Dad Helps Fix Up Preschool Grounds

By Journal Staff Report

Shining Stars Preschool students have more to do when they go outside thanks to the father of one of its students.

Mike Raybourn, project manager at Western Summit, donated time and materials and recruited several volunteers to help him install outdoor equipment for the Rio Rancho school's students. Western Summit is an environmental contractor that builds water and wastewater systems. Raybourn, who has a child at the school, worked with principal Suzanne Harper to design a "secret garden" for students in four planters throughout the campus. Harper wanted to create an environment where students could play at recess and teachers could have story or snack time. The total cost of the project was $2,000 and took more than 300 man hours to complete. Western Summit paid for the project and its employees donated the labor necessary to complete it. The project was started in May and completed earlier this month. The school grounds now have five concrete tables with six stools each. There is a bench and stairs leading into each planter. The tables are painted red, brown and green with matching stools.

Raybourn recruited seven coworkers to complete the project: Lester Smith, Jeremy Kellar, Justin Dreitzler, Serjio Delira, Tristan Botcher, Justin Wilson and division manager Boyd Dunham. According to a news release from the school, some of the volunteers drove more than an hour for four weekends to help the school.

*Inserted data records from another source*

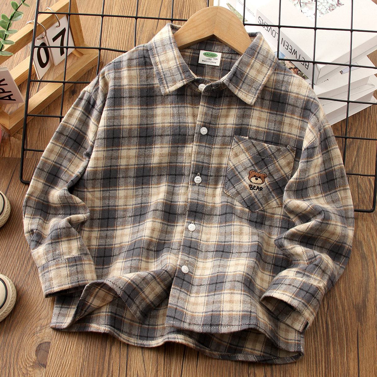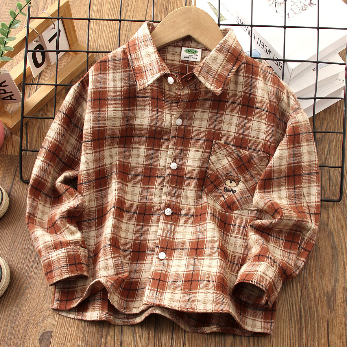 男童纯棉韩版格子长袖衬衫
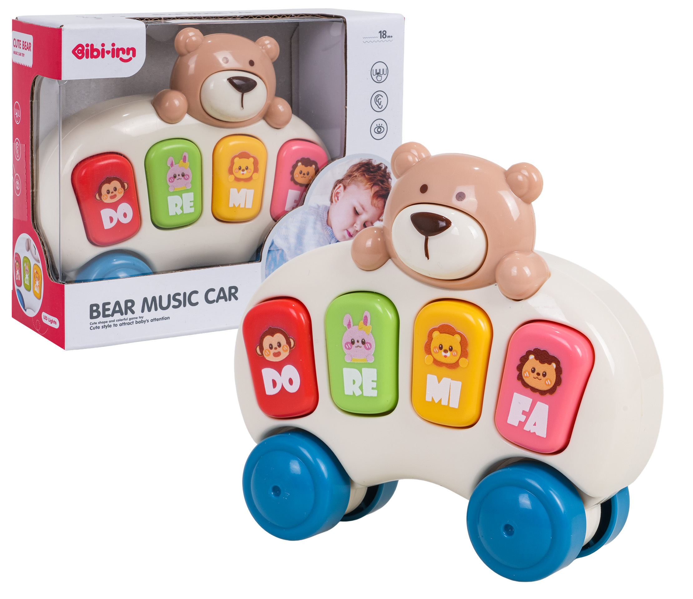 Pianinko s misemi a kolečky pro děti od osmnáctého měsíce života. Pianinko je vyrobeno z nejkvalitnějších materiálů v živých barvách, nemá ostré hrany. Pianinko připomíná autíčko s medvídkem a má čtyři zvukové klávesy s obrázky zvířátek a podsvícením. Stisknutí klávesy spustí režim piana (zvuky not, podsvícení klávesy). Dvojité stisknutí stejné klávesy spustí zvuky zvířátka. Stisknutí medvídka nahoře spustí veselé melodie. Hračka je napájena bateriemi typu 2 x AAA 1,5V.
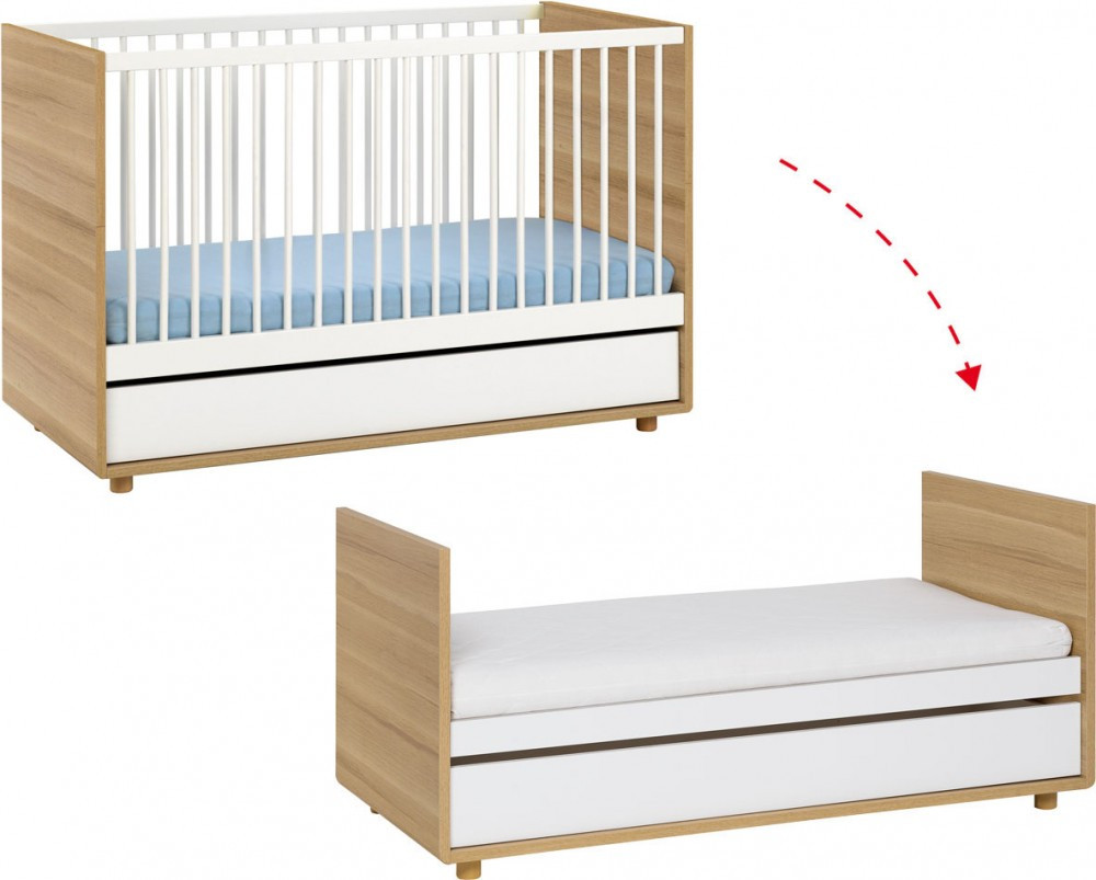 - 3 kivehető léc, amely később megkönnyíti a baba önálló ki-be járását a leeresztett kiságyb
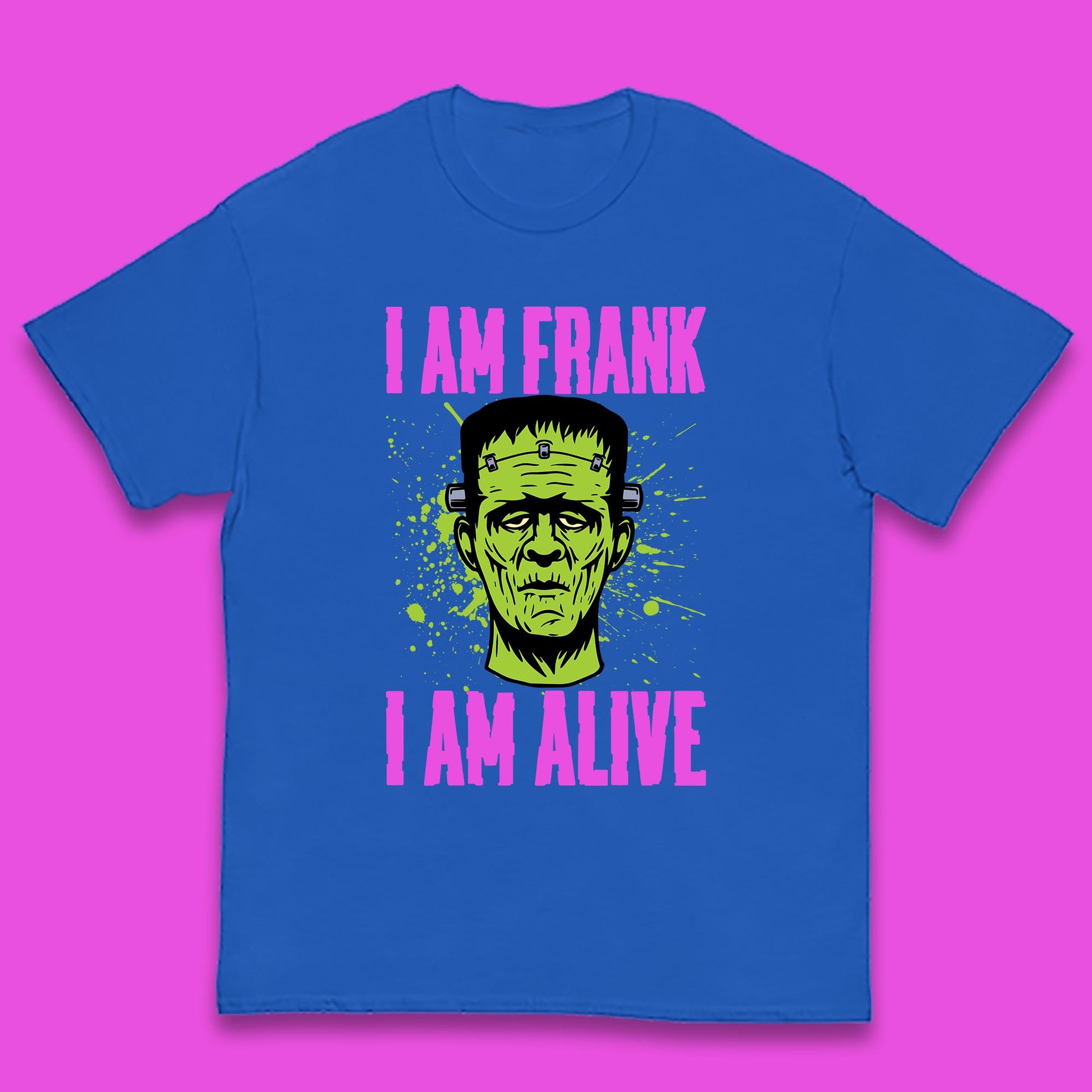 I Am Frank I Am Alive Halloween Green Frankenstein Monster Zombie Horror Face Kids T Shirt
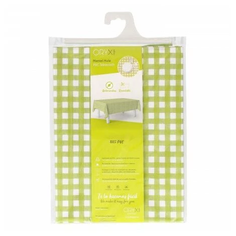 – Mantel Hule estampado en color lima con cuadrados blancos. Diseño moderno y elegante para cualquier ocasión.
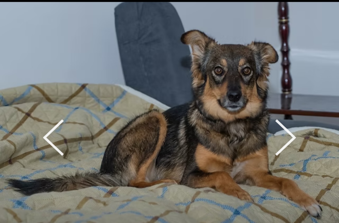 Das Fellmuster (vor allem der schwarze Sattel und die braune Grundfarbe), die Körperform sowie bestimmte Gesichtszüge wie der markante Ausdruck und die aufrechte Haltung deuten stark auf einen hohen Anteil Deutscher Schäferhund hin.
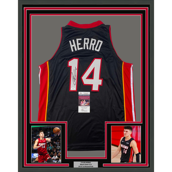 Framed Autographed/Signed Tyler Herro 33x42 Miami Black Jersey JSA COA Jersey has no brand names or logos. This is a custom jersey and was not manufactured by or in any manner associated with any professional sports league or manufacturer. This custom jersey carries no professional sports league designation. The item is intended to be an autographed collectible. The custom jersey displays the name and number of the player. This item in no way is affiliated with or connected to any professional sports organization. Size is XL.
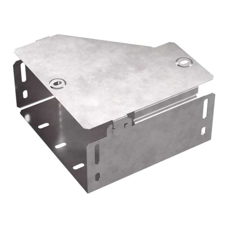Аксессуары изготовленные из стали с защитным покрытием по методу Сендзимира – это изделия, на которых защитное цинковое покрытие было нанесено на листовую сталь перед изготовлением. Толщина защитного покрытия варьируется от 10 до 22мкм. Климатическое исполнение изделий УХЛ2, что предусматривают эксплуатацию в помещении и под навесом, при температуре эксплуатации от -80 до +150°С. Переходник правы й предназначен для перехода с одной ширины лотка на другую. В комплект входит крышка.
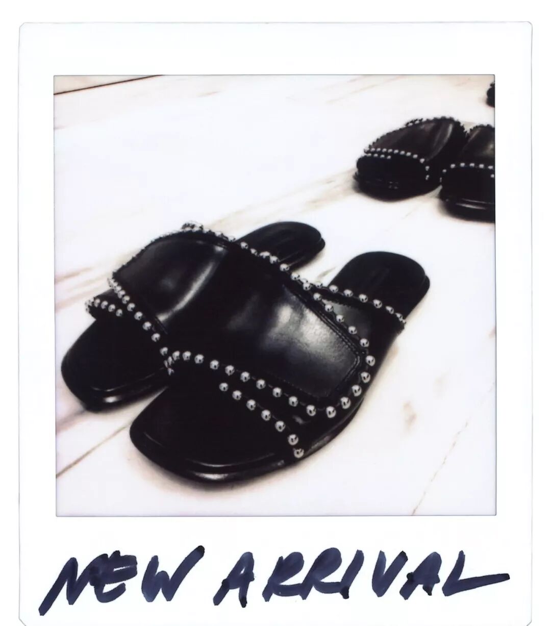 什么叫一片云呢?通俗易懂地说就是脚面位置用一条宽带装饰的款式,极简无比。Alexander Wang去年夏天推出的这双一片云拖鞋加以铆钉装饰,酷炫值爆表,也掀起了的抢购热潮。

"We are happy to be able to use our construction knowledge and skills to help the children at the preschool," Raybourn is quoted as saying in the release.

The company is continuing to help the school by adding traffic signs to the parking lot.

"In construction, safety is our number one priority," Raybourn said in the news release. "We are excited to extend our commitment to safety to the preschool by helping them keep the children safe." Shining Stars is a public preschool the district opened to serve special needs children in hopes that some of them will be able to enroll in regular education classrooms by the time they start kindergarten. Regular education students also attend Shinning Stars and are role models for the other students.

The school is off Northern on the old Ernest Stapleton Elementary campus.